# OBRAS HIDRAULICAS - INGENIERIA DEL AGUA > Desaladoras >  A Dios rogando y con el mazo dando. Haz lo que yo diga, pero no lo que yo haga

## NoRegistrado

Negando las desaladoras en España, pero vendiendo sus bondades y sacando tajada de ello en el extranjero. No digo nada...

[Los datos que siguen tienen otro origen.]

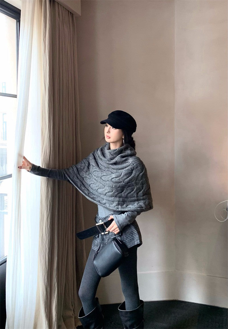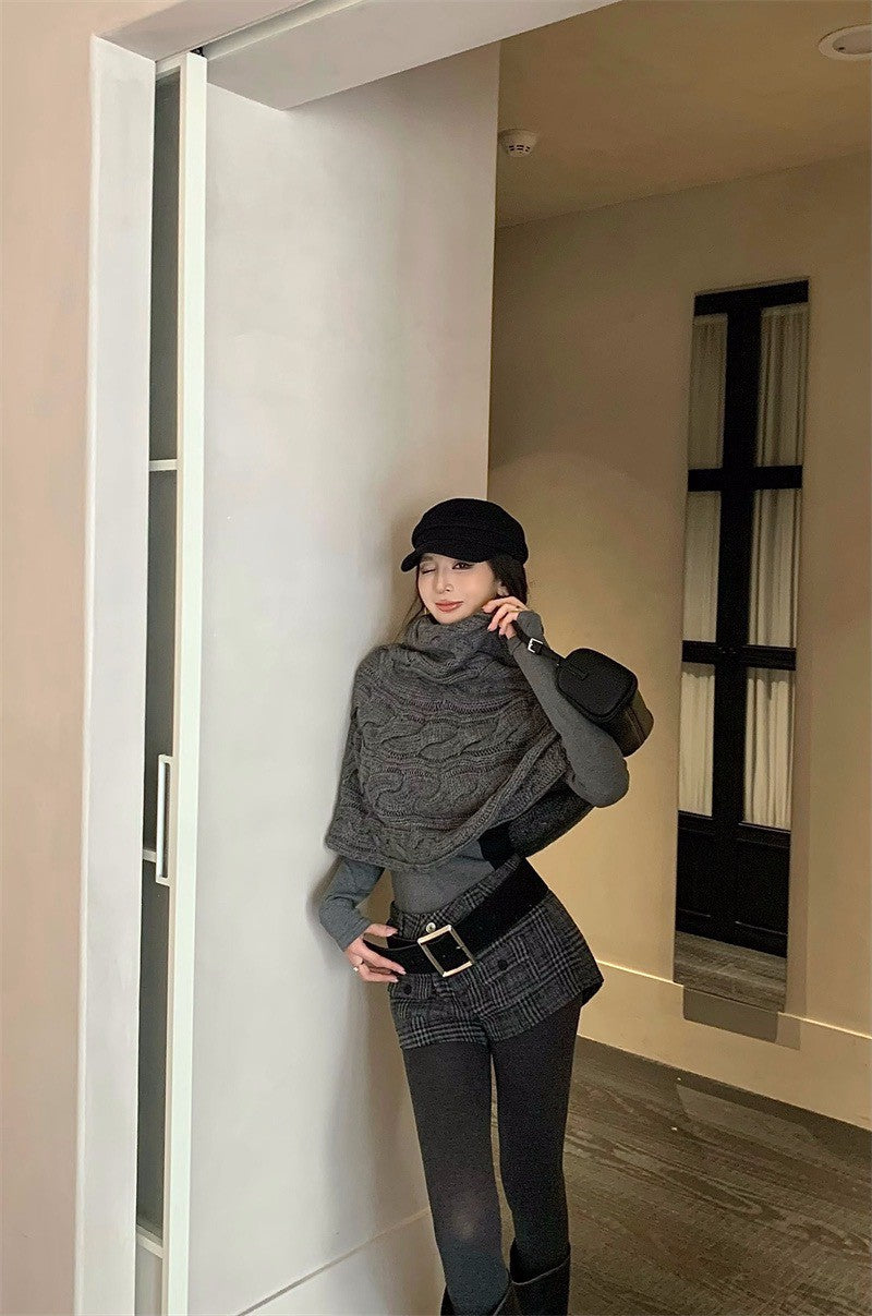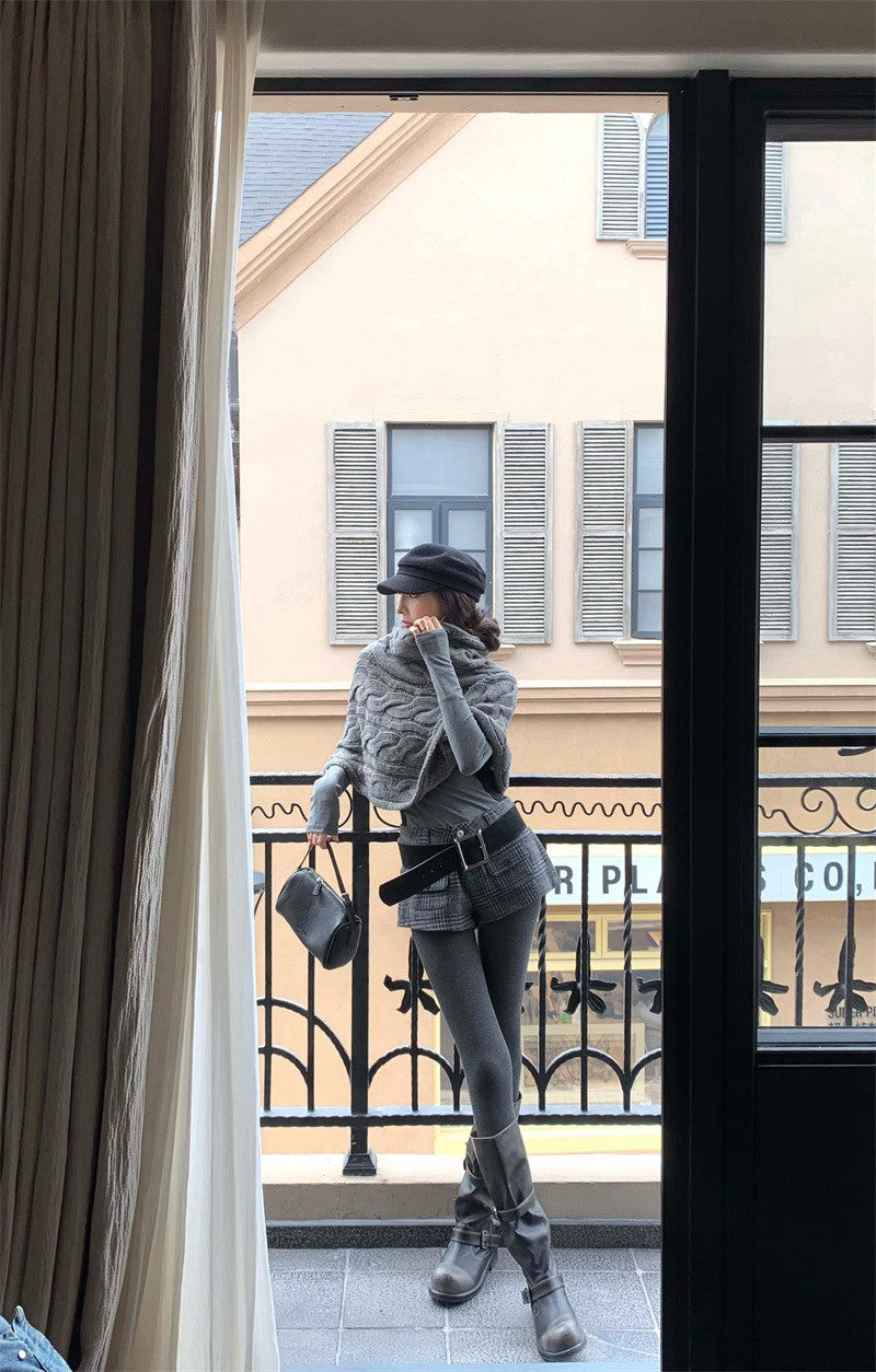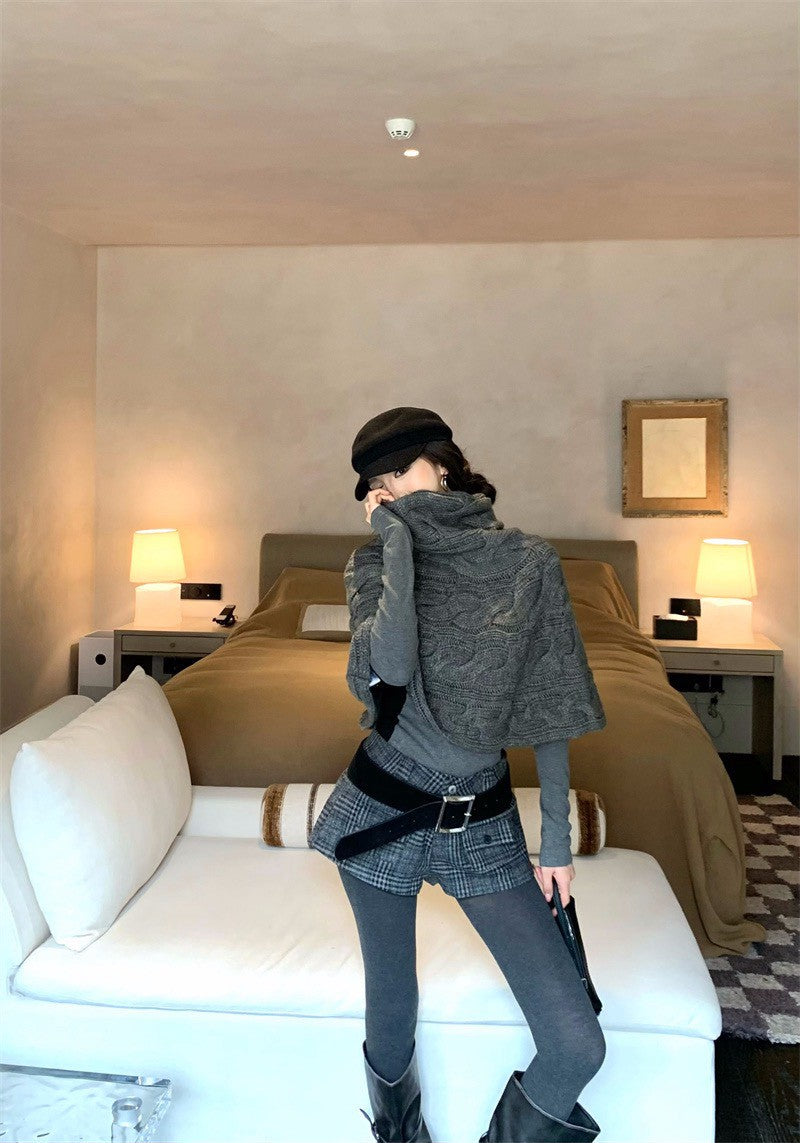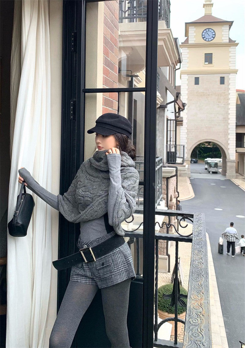 25Dec. 斗篷均碼多用法式花紗針織/英格蘭復古格紋短褲 灰色系
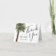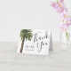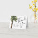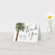 Ein Strand inspiriert Hochzeit Dankeschön Karte mit einem Aquarellbild eines Single staubige Palme. Auf der Seite sind Ihre einzigartigen Details. Auf der Rückseite sind sandbraune Streifen, die die Vorderseite ergänzen. Inside enthält Ihren eigenen speziellen Text.

> *Aznar pactó una comisión con Abengoa para lograr contratos del Gobierno de Gadafi
> *El expresidente fue contratado por una empresa del grupo para que intermediase en la *adjudicación de cuatro desaladoras* en Libia. El presidente de honor del PP cobraría entre el 0,5 y el 1% de todos los contratos que la compañía consiguiese en el país, según publica 'eldiario.es'. La guerra civil y la posterior muerte de Gadafi frustraron el negocio.
> El expresidente del Gobierno José María Aznar fue contratado en septiembre de 2010 por Befesa, filial del grupo Abengoa, para que intermediase con el entonces presidente de Libia Muamar El Gadafi en la adjudicación de cuatro desaladoras que el Ministerio de Servicios Públicos libio tenía la intención de construir. Aznar pactó una comisión del 1% sobre todos los contratos que la empresa lograse en el país, hasta un máximo de 250 millones de euros de facturación, y del 0,5% a partir de esa cantidad. Además cobró un adelanto de 100.000 euros, según publica este miércoles eldiario.es. El contrato llegó a firmarse, pero la guerra civil que estalló en Libia a principios de 2011 y la posterior muerte de Gadafi dieron al traste con el negocio. En aquel momento, Aznar criticó públicamente a Estados Unidos y a algunos países europeos por lanzar un ataque militar contra el régimen del líder libio, a quien calificó de "amigo" de Occidente. De haberse materializado, el presidente de honor del PP habría ganado seis millones de euros. Abengoa estimaba que las cuatro desaladoras sumarían una inversión de 950 millones. Aznar consiguió además un 0,25% del precio convenido entre Befesa y el Gobierno libio por administrar las desaladoras, comisión que se recibiría durante los cinco primeros años de mantenimiento de las instalaciones. Sobre los 100.000 euros de adelanto, el expresidente los facturó cinco días después de haber firmado el contrato, el 13 de septiembre de 2010, según la factura a la que ha tenido acceso eldiario.es. Las funciones del "prestador" El contrato se refiere a Aznar como "el prestador". Este, entre otras funciones, debía "suministrar a Befesa toda la información necesaria tendente a que ésta pueda presentar la oferta" y "asistir y prestar todo apoyo comercial necesario durante el curso de las negociaciones con clientes con el objetivo de obtener la adjudicación del contrato". "Su actuación deberá regirse en todo momento por los principios de corrección, licitud y buena fe", añadía, y le prohibía "influir o inducir, directa o indirectamente sobre cualquier acto, decisión u omisión" de funcionarios y autoridades locales, así como "realizar cualquier tipo de pagos a cuenta de aquellas personalidades mediante cuentas no registradas oficialmente".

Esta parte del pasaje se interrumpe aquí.